無線機でキメラに遭遇したことを伝えると、3人はその場を後にした。
「澄香さーん! 絵美ちゃーん! 聞こえていたら返事をくださーい!」
これでもう何度目になるだろう。返事のない呼びかけをくり返したのは。
焦っても仕方のないことだとわかってはいても、A班からの通信を聞いた後ではどうしてもネガティブな思考がついてまわる。
あきらめる気はない。だからこそ、いらぬ想像がふくらんでしまうのだ。
旭(
ga6764)は思わずため息をついていた。
「どうした、疲れたか?」
「違いますよ」
ぶっきらぼうな御山の物言いに、旭はトゲが入らないよう返事するのに苦労した。
「ちょっと焦ってしまって。焦ったってどうしようもないのはわかってるんですが」
「そうか」
そしてまた、黙々と足を進める作業に戻る。口に出して言おうとは思わないが、この沈黙の空気も気疲れの要因になっているのは確かだ。
「気持ちはわかるわ。私もそうだから」
アズメリア・カンス(
ga8233)の発言を、旭は意外に思った。
御山にしろアズメリアにしろ、表情らしい表情が出てこないのだ。感情というものがないのではないかと疑い始めていたところだ。
ふと、御山が足を止める。
「これを見ろ」
旭とアズメリアを呼び寄せ、自分の足下を指し示す。
人の通る道になっているらしく、下生えもなく踏み固められている。先日までの雨でぬかるんではいたが。そのぬかるみに、大小の靴の跡が残されていた。
「これは」
3人は顔を見合わせてうなずき合う。状況を他班に伝えてから、足跡の向かう先へと急いだ。
道に沿って進んでいくと、唐突に視界が開ける。
「うわ」
「これは、すごいですね」
アズメリアと旭が同時に感嘆の声を上げる。口に出してこそ言わないが、御山もさすがにこの光景には驚いていた。

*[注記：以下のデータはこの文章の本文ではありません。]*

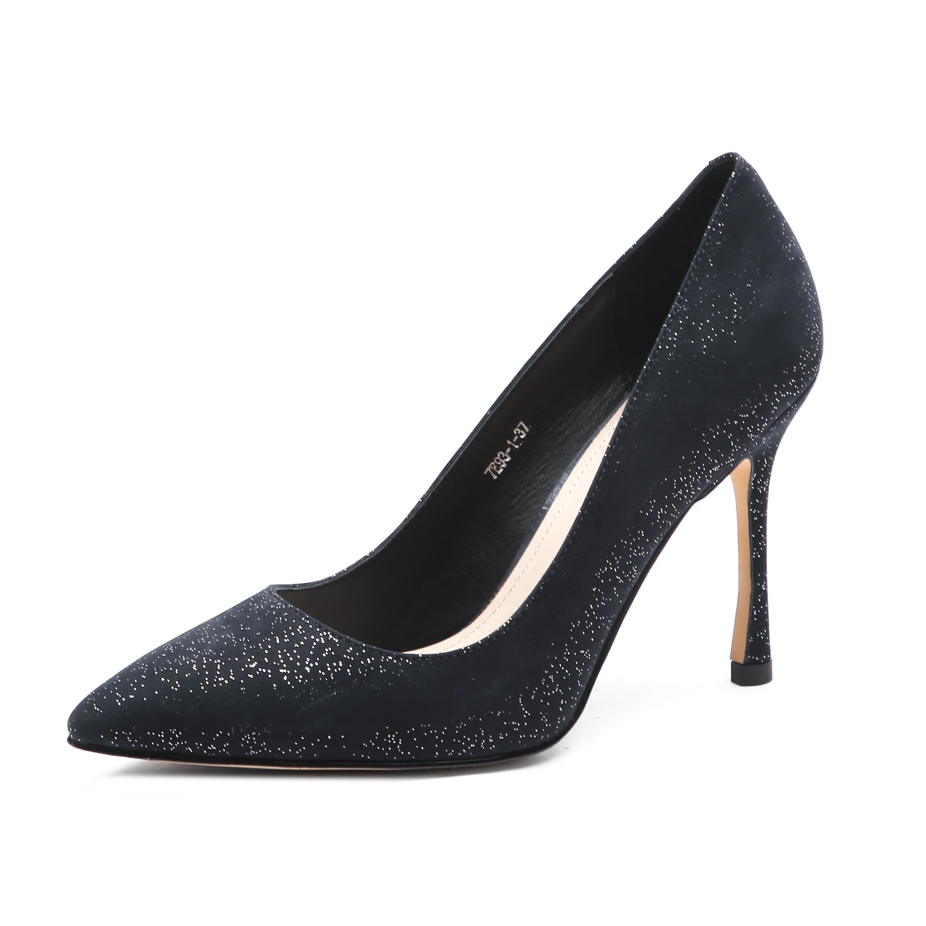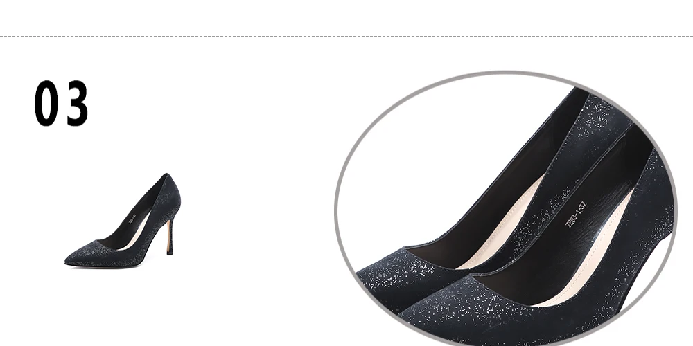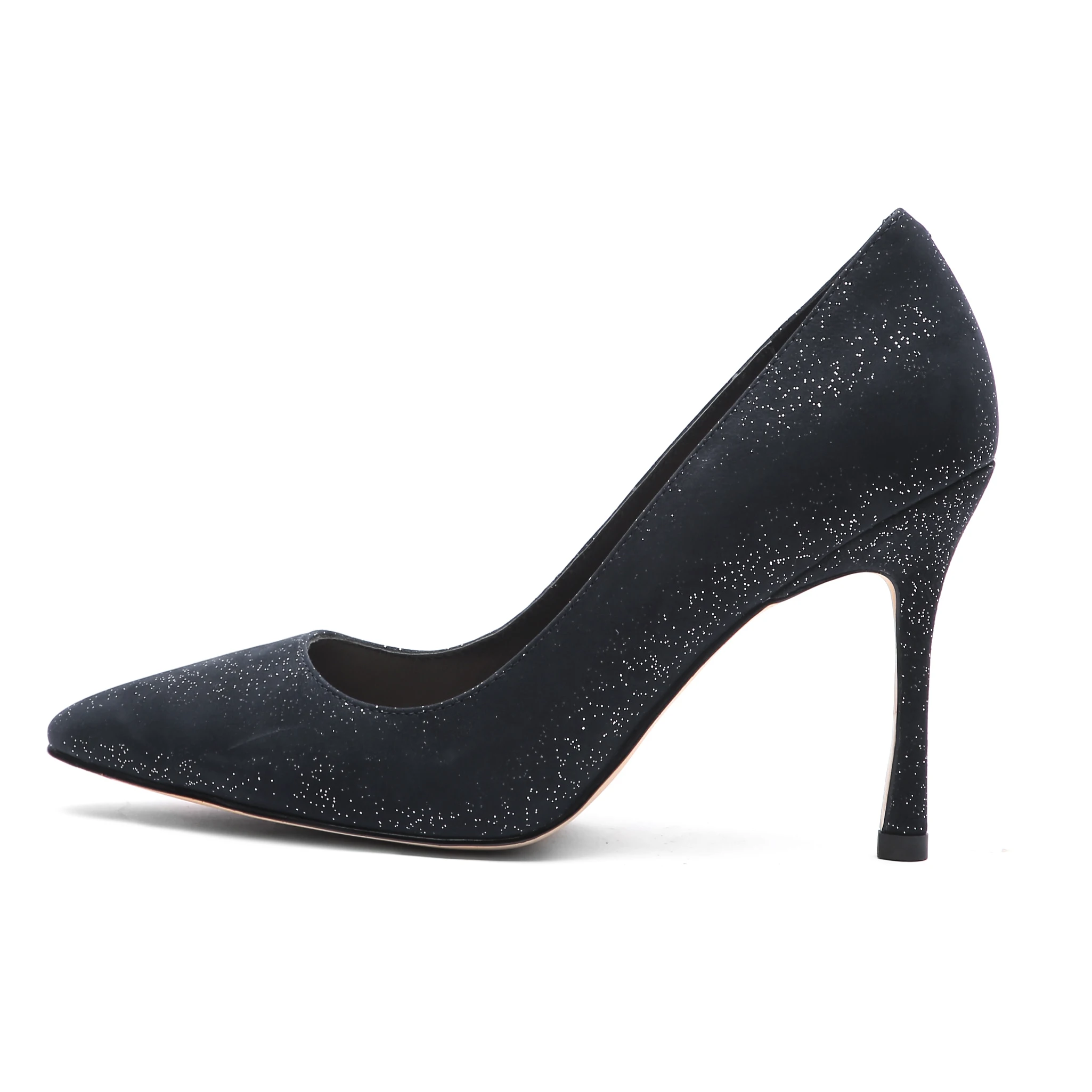Темно-синяя кашемировая поверхность покрыта яркой порошковой пленкой, вамп блестит, ослепительно
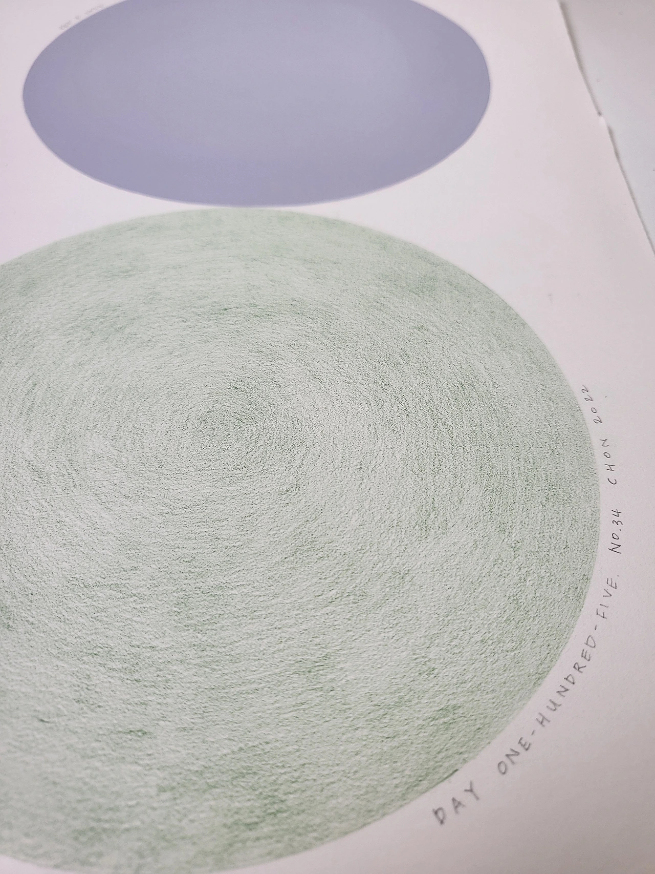 Day One-Hundred-Five, No.34, 전이린, 종이 위에 색연필과 아크릴 물감, 21cm x 29.5cm, 2022
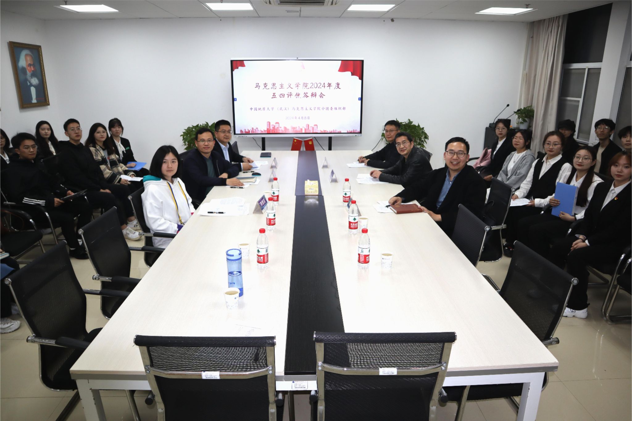 为落实校团委《关于开展“五月的鲜花”2023-2024年度五四评优活动的通知》的文件要求,促进优良校风及学风建设,引导员工全面发展,经过前期鼓励自主申报、资格审查等工作,谈球吧于4月8日晚19:00在教学综合楼B1013举行“五四评优”答辩会。公司组织部专职组织员魏海勇、谈球吧副经理陈军、党委副书记武彦斌、思政系严世雄、思政系李胜蓝、辅导员姚晟出席并担任评审。
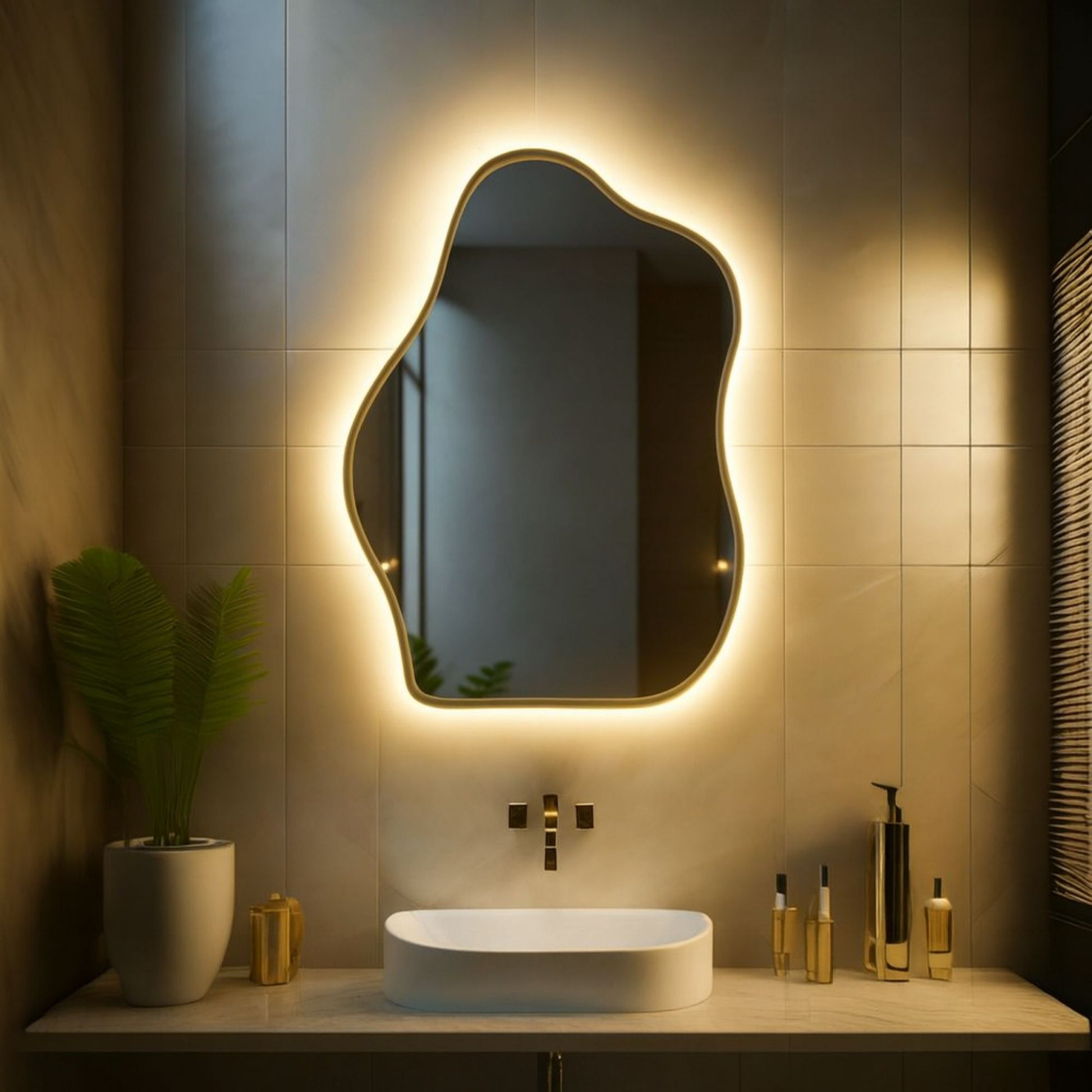 Asymmetrical and Unique Design: This mirror features an asymmetrical design with a slightly curved edge, giving it a modern and stylish look. The irregular shape and unique textures add depth and character to any room.
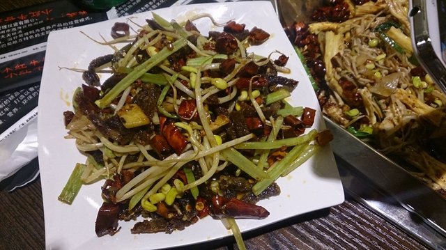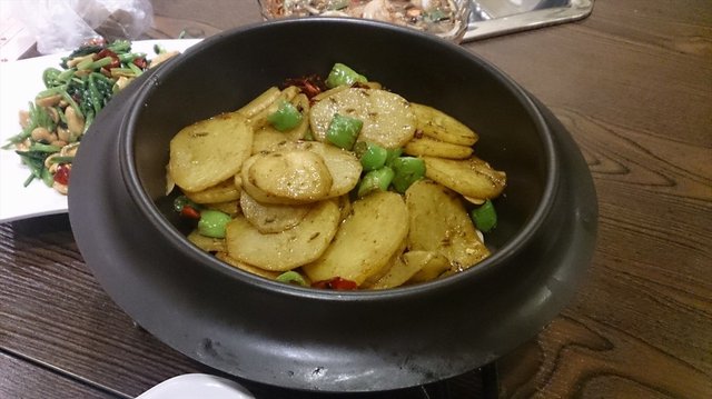 干锅土豆片,也是非常受好评的一道菜,本来土豆就是一种很容易入味的东西,而且比较禁折腾,是煮是烤都没啥问题,只要有汤汁,最后土豆软了,汤汁也会进去,再加上淀粉的口感,真是怎么做都好吃。这家的干锅土豆片也是,个人觉得比龙人的好吃,土豆片不那么薄,配菜辣椒吃起来很过瘾。
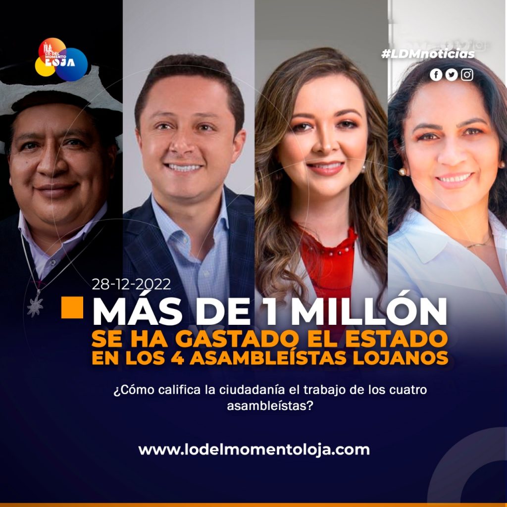 #Loja | Más de un millón de dólares se ha gastado el Estado ecuatoriano en los cuatro asambleístas de Loja; Byron Maldonado, Johanna Ortiz, Lucia Placencia y Manuel Medina. Pero, ¿cómo califica la ciudadanía el trabajo de los cuatro asambleístas?
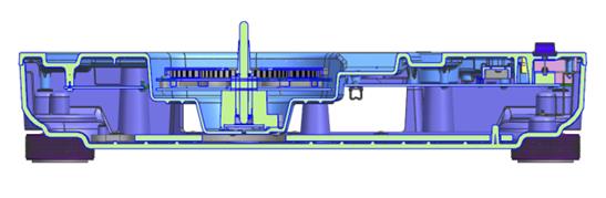 Like its predecessor, it retains a double-layer construction, namely a die-cast aluminum chassis combined with a glass fiber-reinforced ABS structure. The height-adjustable insulating feet use a calibrated rubber spring system to dampen transmission from the support. Dense rubber is also used to cover the inside of the 332 mm, 2 kg platter, with the rest made of aluminum.

野生ツツジの、山肌一面を覆い尽くすような群生だった。立ち入ってみると、腰から下が花に埋もれてしまう。ツツジよりも大きな植物が混ざっていないところを見ると、ひょっとしたら誰かが手入れをしているのかもしれない。それほど見事な、幻想的とも言える光景だった。
「きれい」
アズメリアがうっとりとした様子でつぶやく。
旭には、その光景を言い表せる言葉が見つからなかった。
その横で、御山が声を張り上げる。
「森本澄香! 森本絵美! ここに居るか!」
御山の声が、山彦をともなって周囲に響く。
その呼びかけに、旭とアズメリアが我に返る。変化を見逃すまいと、周囲に視線を飛ばした。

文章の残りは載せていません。